Interference is at once associated with the bandwidth and data rate of the system. As in line with Eqs. (1) and (2), we can see that SE is likewise associated with the bandwidth and data rate. Of course, we can grow the SE with the aid of using enhancing the data rate in addition to lowering the bandwidth, however in each case, there may be an increment withinside the interference which reduces the effectiveness of the system. So, interference management and control together play a completely crucial position in D2D communication. Interference withinside the cellular network may be decreased with the assistance of power control, powerful frequency mission, the use of sensible techniques, and intermodulation.

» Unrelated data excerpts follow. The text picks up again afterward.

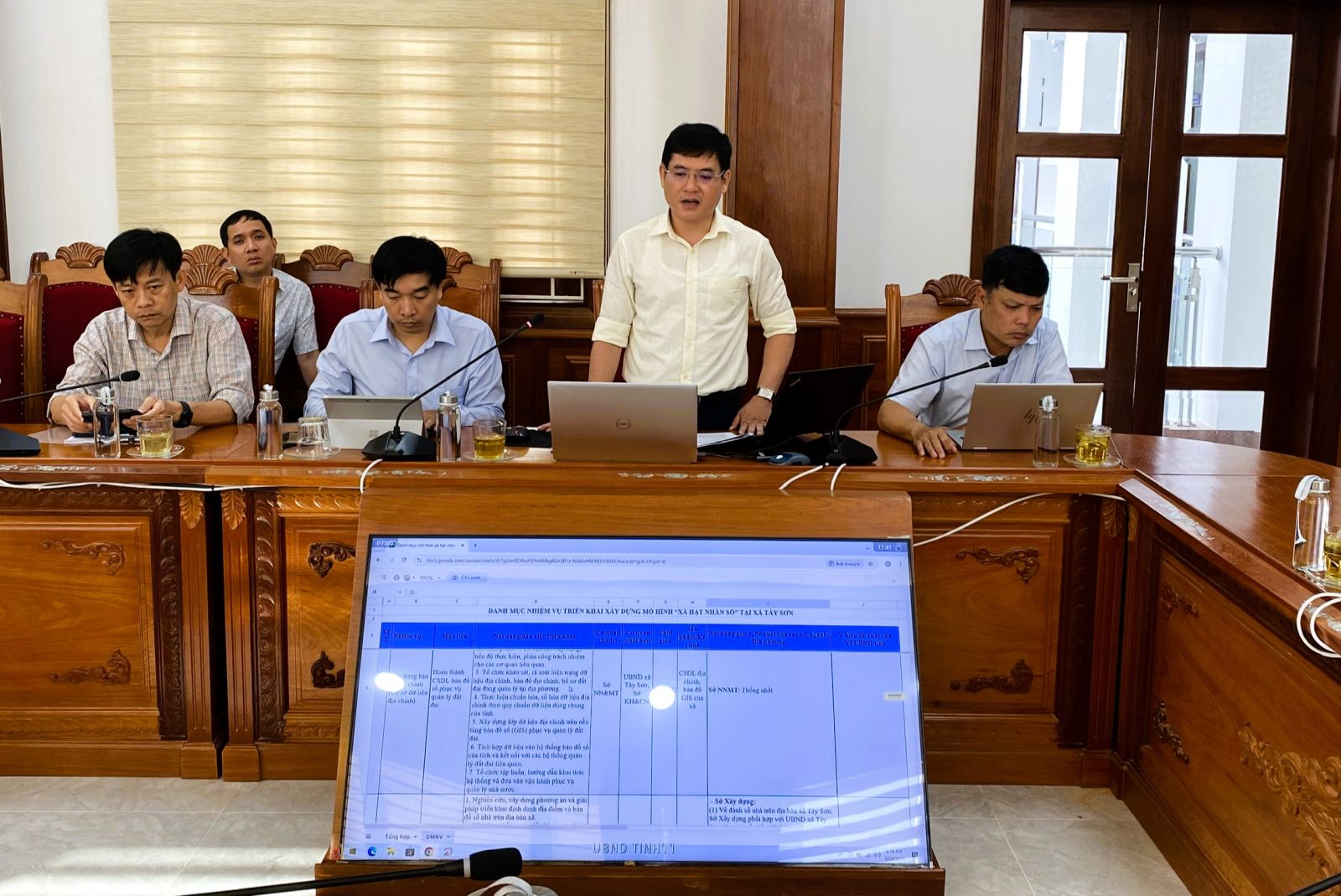 Tại cuộc họp, các đại biểu đã nghe báo cáo tổng thể dự thảo Kế hoạch xây dựng mô hình “Xã hạt nhân số” tại xã Tây Sơn, trong đó tập trung vào các giải pháp công nghệ phục vụ xây dựng cơ sở dữ liệu địa chính, bản đồ số nhà, định danh địa điểm, dữ liệu quản lý khoáng sản và một số tiện ích số phục vụ quản trị địa phương.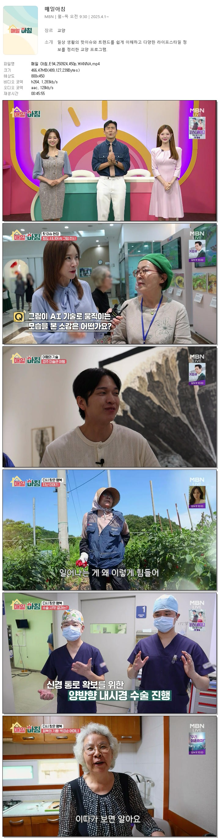 | [MBN] 매일 아침.E94.250924.450p.WANNA[한혜원, 이정수].mp4 | 466.5 M | 00:45:55 | 800x450 |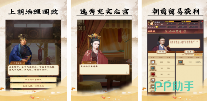 在这款休闲手游里都好我们就可以成为皇帝,去感受当皇帝的各种酸甜苦辣来!比如说国家遇到各种事情和困难时,需要我们亲自去治理,大臣会将难题抛给我们,玩家需要思考之后来决定如何解决,你的每一个选项,都会影响着游戏进程的发展方向和!同时也可以在选秀大赛中,选择那些特别好看的古风美女,将他们纳入你的后宫,让自己快乐快乐!游戏还有征战玩法,你可以去远征西域,开疆拓土打天下哦!

Research paper [41] evaluates the SE strategies in D2D communication for 5G, right here this article provides the demanding situations withinside the control of interference. The authors of [42] investigated and analyzed the essential idea at the back of the D2D communication gadget to increase an efficient D2D resource allocation scheme with decreased interference. The work in [43] suggests the power control strategies which facilitate to lessen the impact of interference wherein interference management algorithm maximizes the overall performance of D2D communication in LTE-A networks for uplink and downlink transmissions. Moreover, the most appropriate routing selection strategies reduces the entire route distance which facilitates to limit the interference and enhance the general network capacity. The manuscript [44] represents a survey of the interference management for D2D applications for 5G. The article [45] affords the special famous and AI-based interference mitigation and RA strategies advanced in D2D communications which might be contemplated withinside the article [46]. Research article [46] surveyed the artificial intelligence (AI) conventional RRM (Radio Resource Management) and interference mitigation techniques where the authors discussed the mitigation of interference through mode selection, power control, and RRM together with traditional strategies. The MAAC (Multi-Agent Actor-Critic) is an algorithm that is proposed by the researchers of [47], that is used to keep away from interference (Table 2).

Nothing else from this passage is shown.